John Cassavetes Moves to a Garage in Williamsburg

Hoi Polloi adapts Shadows at the Collapsable Hole

It’s easy to see why theater directors love making John Cassavetes films into stage dramas: What playwright today could mix up such a stiff cocktail of sexy waifs, listless intellectuals, and languorous conversations—and spike it with delicious old-timey turns of phrase too? New York has seen a handful of adaptations in the last five years, including Ivo van Hove’s sleek version of Opening Night (at BAM in 2008) and Doris Mirescu’s wild remake of Husbands (at the Public Theater’s 2010 Under the Radar festival).
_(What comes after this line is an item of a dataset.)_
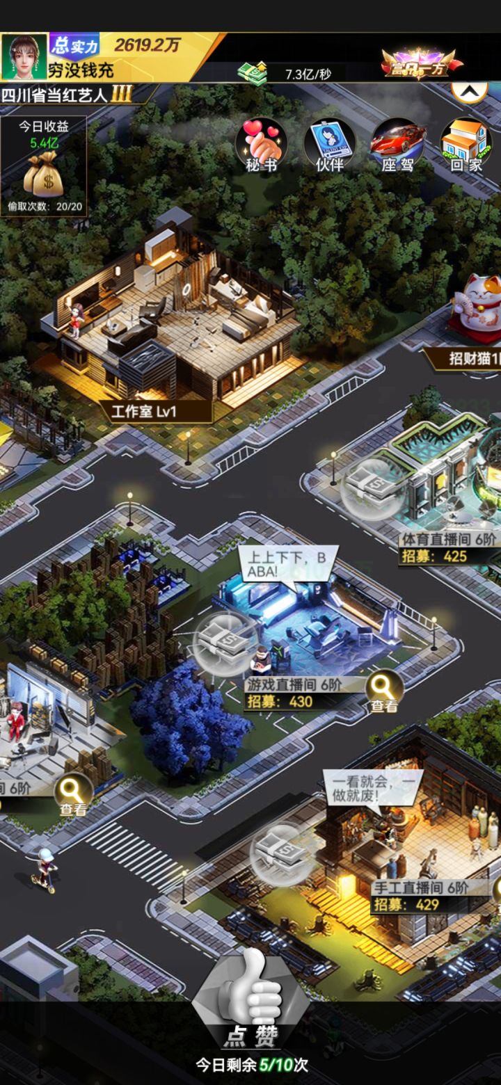 如果把赚速比喻成一个房子,那么直播间等级是地基,伙伴是栋梁,座驾是墙壁,配饰是门窗,其他的就是装饰了。决定秒赚高低的主要就是伙伴培养和直播间升阶了,其次就是座驾,配饰,手办,藏品等因素了。配饰:配饰的话就选项链,座驾手办等就是最好的东西配给最高的伙伴。伙伴:红色伙伴不分直播间,都是60%加成,而橙色紫色伙伴要根据每个伙伴的技能加成放置在相应的直播间,才能达到最大的收益化。伙伴的每次升星

Now, at Williamsburg’s tiny Collapsable Hole, the Hoi Polloi company tackles Shadows, Cassavetes’s 1959 indie feature about cantankerous Beat generation writers and musicians looking for love and spoiling for fights. Director Alec Duffy converts the garage-shaped performance space into a disheveled artists’ apartment, where a live jazz band plays and cocky young men swagger around in suits and skinny ties. Despite a conspicuous lack of smokers, the atmosphere successfully evokes the literary, racial, and sexual awakenings of the Eisenhower era—currently such a source of fascination on TV and in the fashion industry.

Trumpeting the Beats.
Ryan Jensen
Trumpeting the Beats.

Details

Shadows Adapted by Hoi Polloi from the John Cassavetes film
Collapsable Hole
146 Metropolitan Avenue, Williamsburg
800-838-3006
hoipolloiworld.tumblr.com

The vibe alone goes a long way—but not the whole distance—toward justifying this reenactment. Cassavetes liked to film his actors improvising a floating narrative, with his wandering camera alighting on brilliant details. Substituting for that cinema aesthetic onstage is tricky; it’s a blurry line between nuanced hypernaturalism and tentative, undeveloped scenework. Hoi Polloi’s most commanding performers—Dustin Fontaine, Jessica Jelliffe, Julian Rozzell Jr.— get by on charisma. But without the master filmmaker's spontaneous lens enticing you to watch, it's hard to stay engaged with other performers during the meandering scenes. Still, when the bass thumps and the company savors their freedom to play, a little chaos doesn’t feel like a bad thing at all.